* _EXERCISE_
All lines from the beginning of the listing through the line with "تدرريسي من كلية" are to be copied word for word; the pictures are not.

-------- MATERIAL PROVIDED

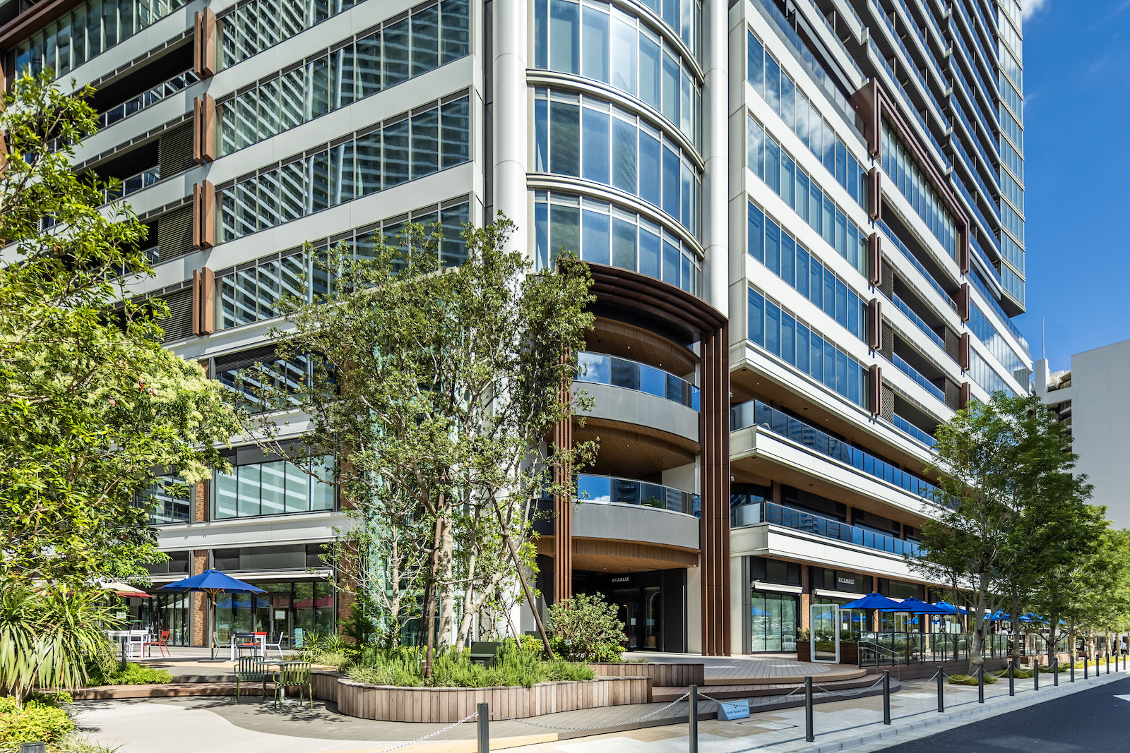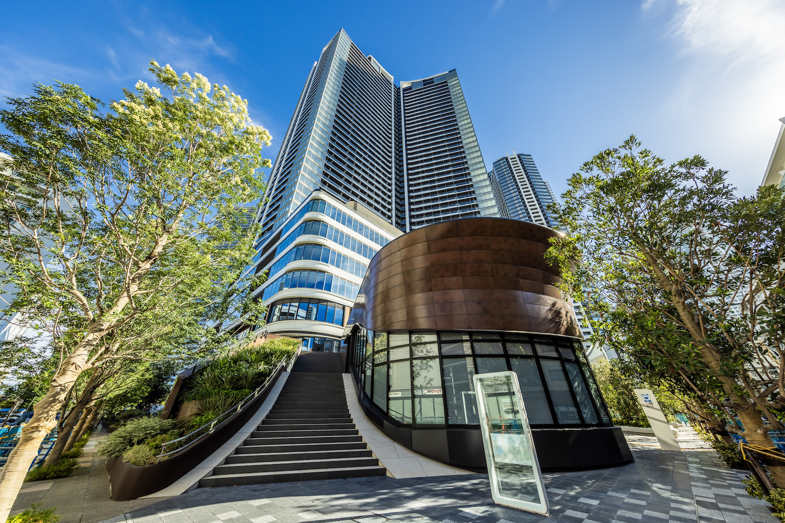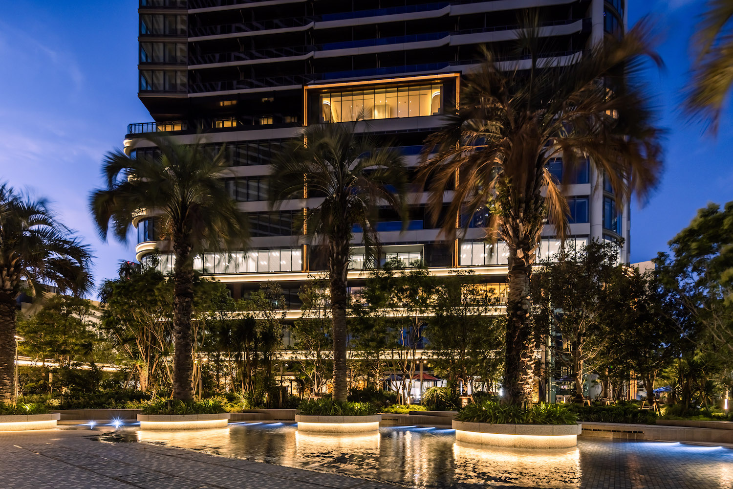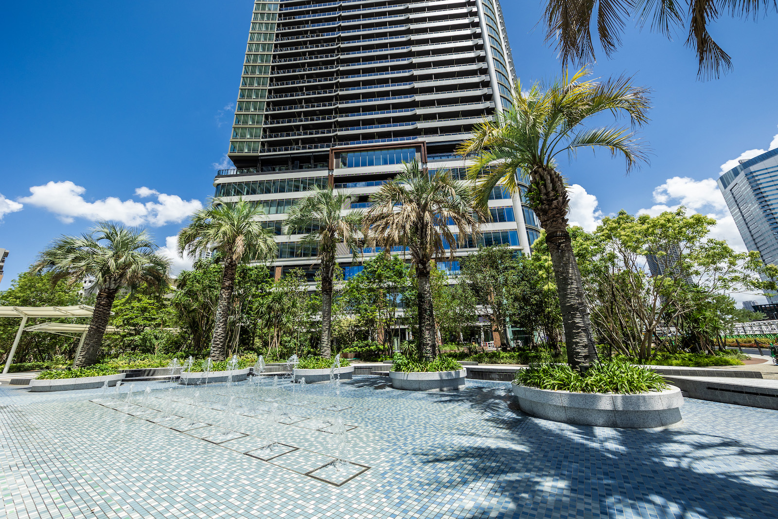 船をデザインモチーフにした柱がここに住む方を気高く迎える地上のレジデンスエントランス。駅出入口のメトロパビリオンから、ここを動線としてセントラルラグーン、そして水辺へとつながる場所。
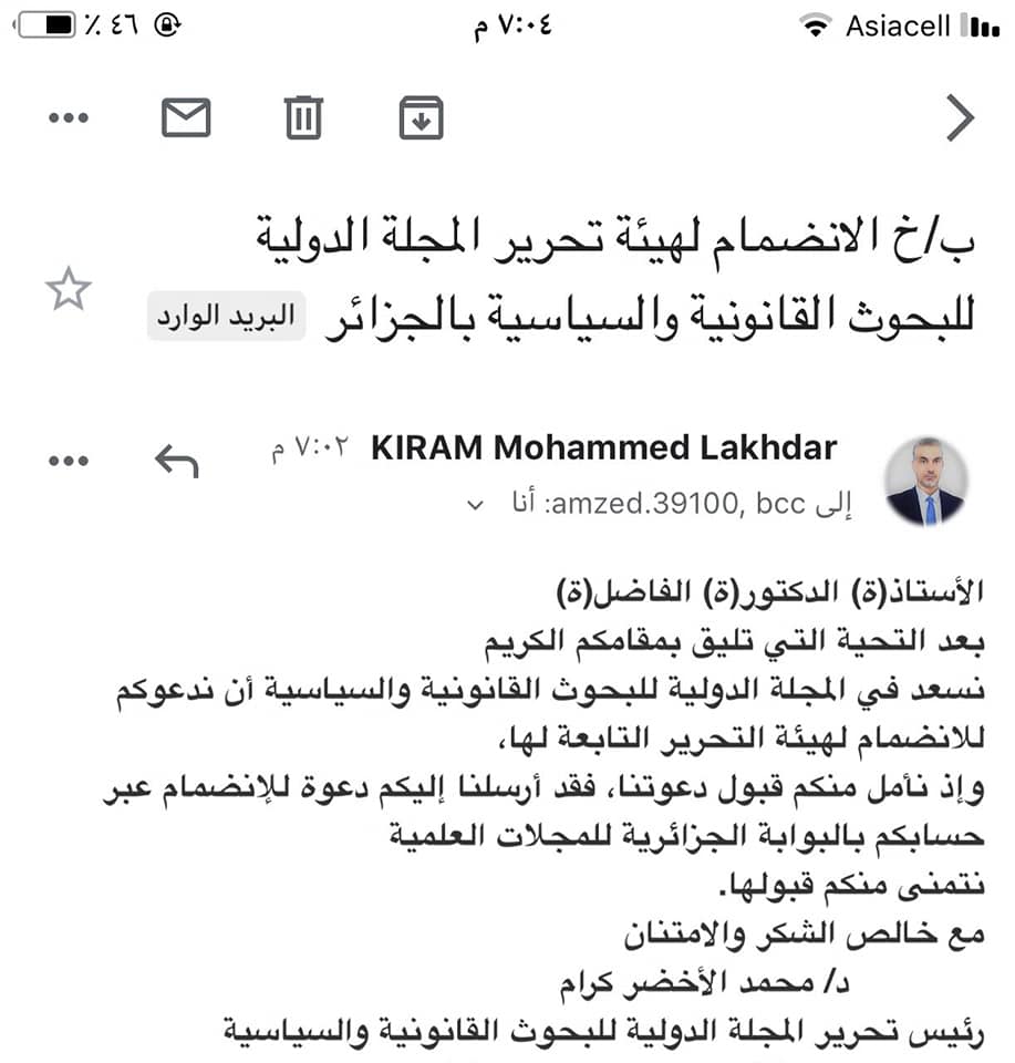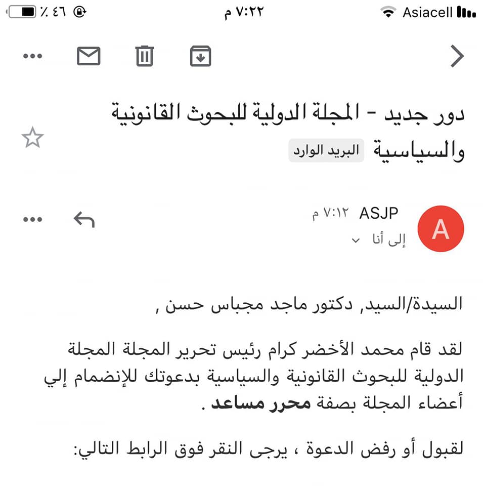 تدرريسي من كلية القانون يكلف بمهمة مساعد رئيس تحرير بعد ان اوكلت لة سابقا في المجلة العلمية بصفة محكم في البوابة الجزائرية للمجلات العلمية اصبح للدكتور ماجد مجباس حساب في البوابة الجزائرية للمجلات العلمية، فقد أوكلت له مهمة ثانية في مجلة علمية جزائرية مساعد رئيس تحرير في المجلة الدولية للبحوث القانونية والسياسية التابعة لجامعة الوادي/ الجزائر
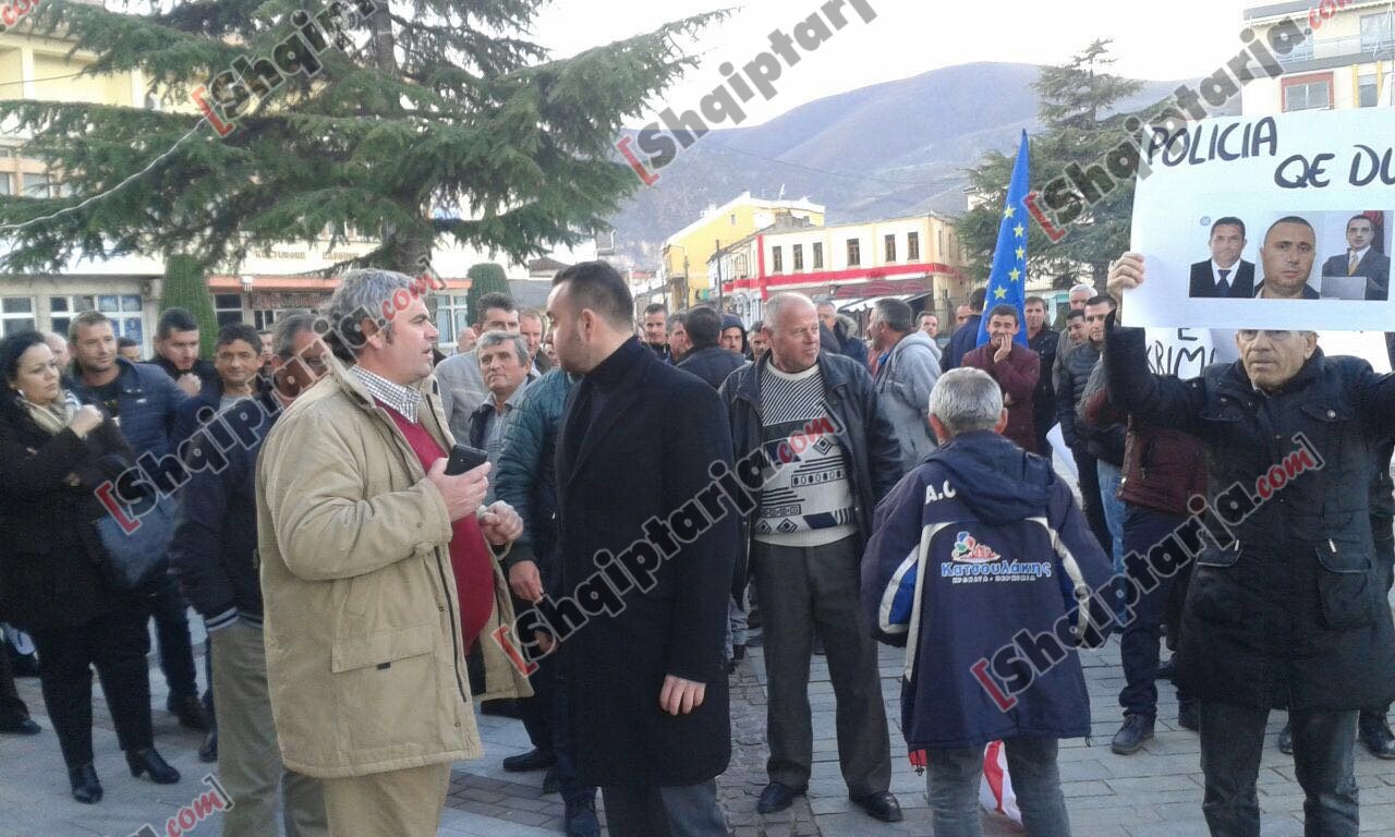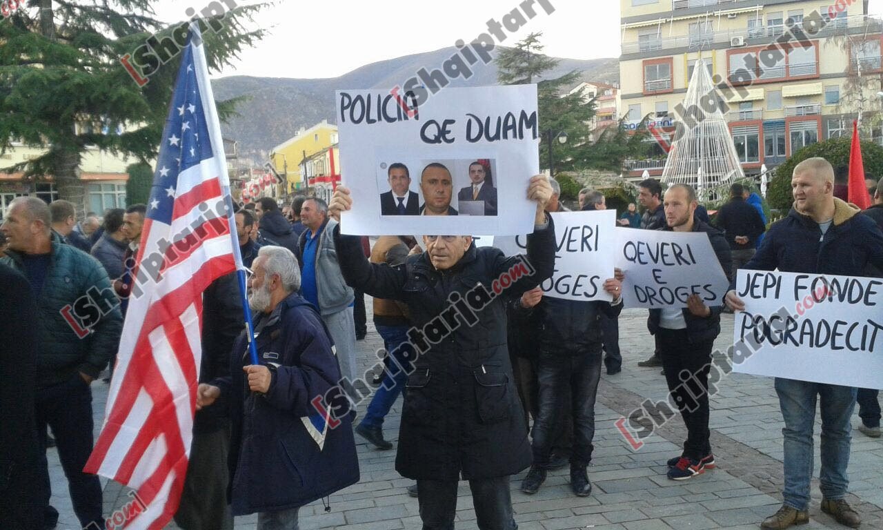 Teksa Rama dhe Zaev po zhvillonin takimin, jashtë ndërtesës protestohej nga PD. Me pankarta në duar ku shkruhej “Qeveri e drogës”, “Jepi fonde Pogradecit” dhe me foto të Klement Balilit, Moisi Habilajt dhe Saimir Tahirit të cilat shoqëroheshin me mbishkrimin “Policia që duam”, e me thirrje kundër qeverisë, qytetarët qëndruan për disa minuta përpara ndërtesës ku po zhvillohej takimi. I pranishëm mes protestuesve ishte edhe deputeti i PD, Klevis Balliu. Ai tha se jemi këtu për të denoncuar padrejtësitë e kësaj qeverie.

----------------

* _EXPECTED ANSWER_
 船をデザインモチーフにした柱がここに住む方を気高く迎える地上のレジデンスエントランス。駅出入口のメトロパビリオンから、ここを動線としてセントラルラグーン、そして水辺へとつながる場所。
 تدرريسي من كلية القانون يكلف بمهمة مساعد رئيس تحرير بعد ان اوكلت لة سابقا في المجلة العلمية بصفة محكم في البوابة الجزائرية للمجلات العلمية اصبح للدكتور ماجد مجباس حساب في البوابة الجزائرية للمجلات العلمية، فقد أوكلت له مهمة ثانية في مجلة علمية جزائرية مساعد رئيس تحرير في المجلة الدولية للبحوث القانونية والسياسية التابعة لجامعة الوادي/ الجزائر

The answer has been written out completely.